**BRIEF**
Please repeat exactly the lines below from the line with "모공이 넓을 경우에는 수분감이 있는 파운데이션을 바르되 아래에서 위로 쳐주듯이" to the line with "Drinkfles, 2 liter, met", including both, and leave out every picture.

====== RECORDS FOR THIS TASK

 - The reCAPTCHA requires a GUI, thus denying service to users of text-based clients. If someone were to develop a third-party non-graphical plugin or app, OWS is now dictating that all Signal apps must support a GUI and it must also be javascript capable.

============
====== RECORDS FOR THIS TASK

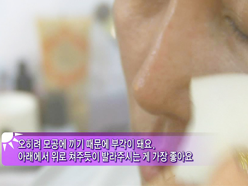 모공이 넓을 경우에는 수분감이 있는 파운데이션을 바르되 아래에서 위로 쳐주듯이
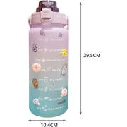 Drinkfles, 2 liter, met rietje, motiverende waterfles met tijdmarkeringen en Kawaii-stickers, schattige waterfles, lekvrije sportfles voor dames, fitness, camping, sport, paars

============

**TASK RESPONSE**
 모공이 넓을 경우에는 수분감이 있는 파운데이션을 바르되 아래에서 위로 쳐주듯이
 Drinkfles, 2 liter, met rietje, motiverende waterfles met tijdmarkeringen en Kawaii-stickers, schattige waterfles, lekvrije sportfles voor dames, fitness, camping, sport, paars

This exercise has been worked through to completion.